Hi everyone, I am struggling with my situation because my husband who has been my protector and lover and best friend for 10 years cheated. We had a very passionate relationship but struggles along the way caused some division. He always swore cheating was something he would never do and we even cut ties with friends that were serial cheaters. I just learned that he cheated on me with many women in the past 5 months and even had an affair with someone who openly had herpes. I feel like I do not even know this man. I am taking this very very hard. I am struggling with self identity now and find myself feeling like I can’t go on. It hurts worse than anything I’ve ever been through. He was my world for 10 years. I’ve stood by his side through all of his issues. In April I went through a bad depression and this is when he started doing these things. I don’t want to go to work, I don’t care about things I used to love, I just want to crawl into a ball and cry my eyes out. Someone please help me make sense of everything. Has he been doing this all along and lying to my face?


----------



## Diana7 (Apr 19, 2016)

I am so sorry, what a terrible shock. Do you have family or close friends who can give you some support?

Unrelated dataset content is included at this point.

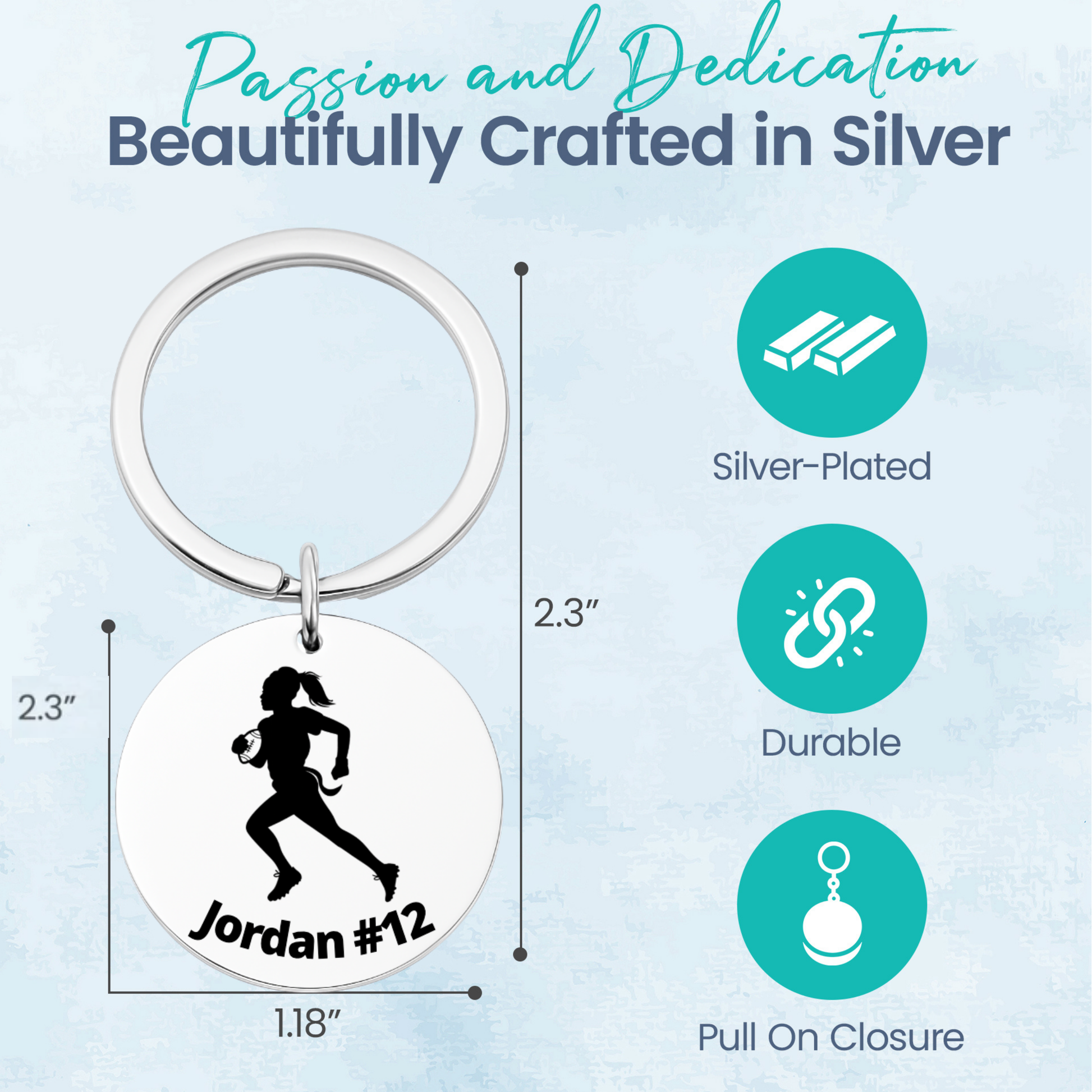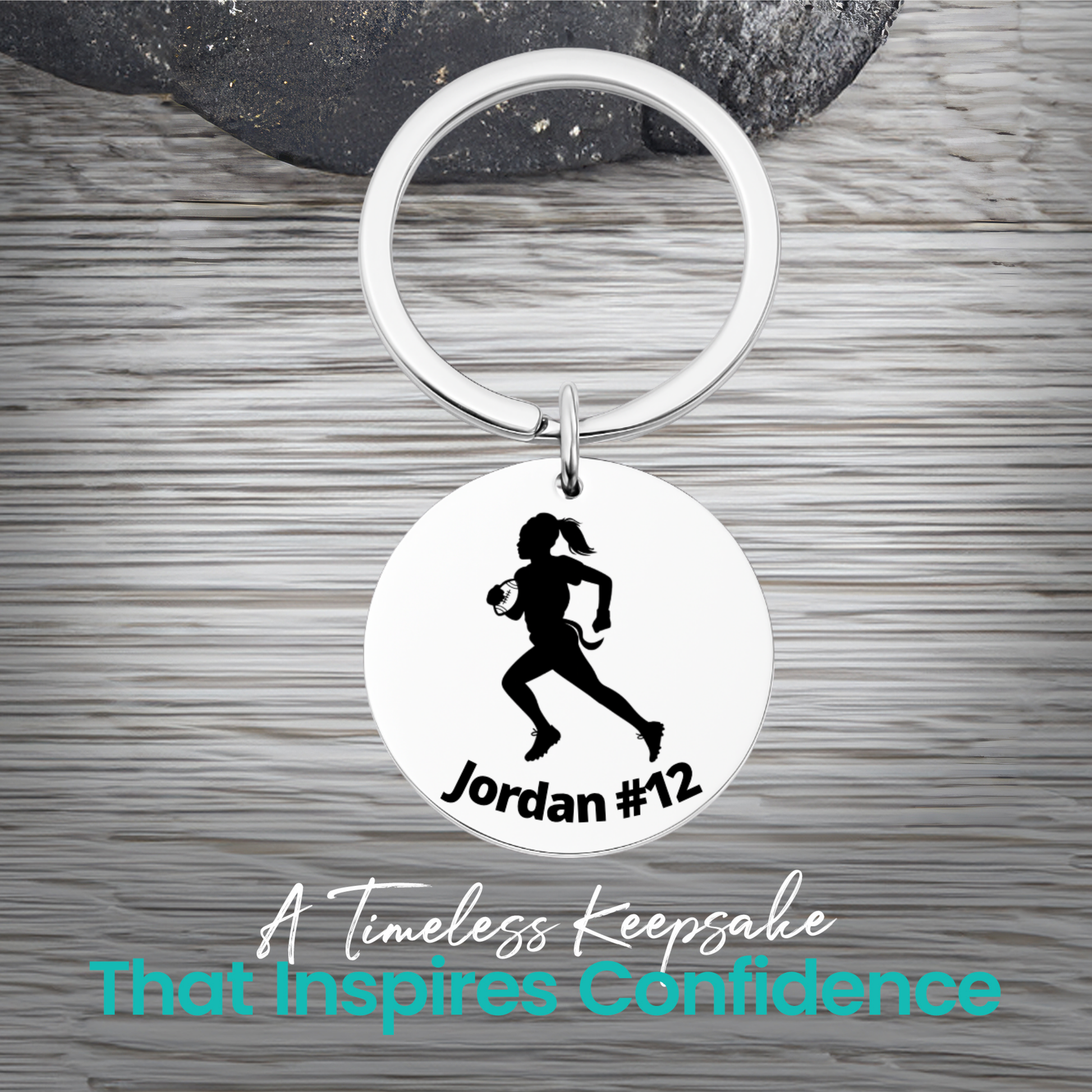 🏈 A meaningful keepsake for every flag football player and fan! Celebrate the spirit of the game with Sportybella’s Personalized Flag Football Keychain. Crafted from high-quality stainless steel, this keychain features a female flag football player silhouette and your custom engraved name and jersey number — making it a unique accessory that players, coaches, and fans will love.

Please get tested for STD's.




We don't know if he's cheated before the last 6 months, but he is a serial cheater regardless. If you want to know for sure you could always book a lie detector test but would it make a difference as to what you do next? He has already had sex with multiple women with no thought for you or what he may pass into you.

How did you find out? What has he said about it?

Do you have children? Is he still in the house?


----------



## Cheynanner (Nov 23, 2021)

Diana7 said:


> I am so sorry, what a terrible shock. Do you have family or close friends who can give you some support?
> Please get tested for STD's.
> 
> 
> ...


I went for testing last week. My results came today and thankfully I do not have any STD’s.

he denied it and asked me if I was going to keep asking the same questions over and over.
I found proof in his phone and the woman that openly had herpes came to me with the truth.

that is where most of the hurt is coming from. The fact that he didn’t care about me at all. The man I have done everything for. The 1 I trusted more than anyone.
I have no living family besides my children (From a previous relationship) and my mother. My mother goes through her own relationship issues and is emotionally unavailable. We moved to a new town 2 years ago so I haven’t made any new friends.


----------



## jonty30 (Oct 23, 2021)

Cheynanner said:


> I went for testing last week. My results came today and thankfully I do not have any STD’s.
> 
> he denied it and asked me if I was going to keep asking the same questions over and over.
> I found proof in his phone and the woman that openly had herpes came to me with the truth.
> ...


Do to him what many guys here recommend to do to the wives when you have proof otherwise.
Lie detector.
I'm sorry for what you're going through.


----------



## aine (Feb 15, 2014)

Cheynanner said:


> Hi everyone, I am struggling with my situation because my husband who has been my protector and lover and best friend for 10 years cheated. We had a very passionate relationship but struggles along the way caused some division. He always swore cheating was something he would never do and we even cut ties with friends that were serial cheaters. I just learned that he cheated on me with many women in the past 5 months and even had an affair with someone who openly had herpes. I feel like I do not even know this man. I am taking this very very hard. I am struggling with self identity now and find myself feeling like I can’t go on. It hurts worse than anything I’ve ever been through. He was my world for 10 years. I’ve stood by his side through all of his issues. In April I went through a bad depression and this is when he started doing these things. I don’t want to go to work, I don’t care about things I used to love, I just want to crawl into a ball and cry my eyes out. Someone please help me make sense of everything. Has he been doing this all along and lying to my face?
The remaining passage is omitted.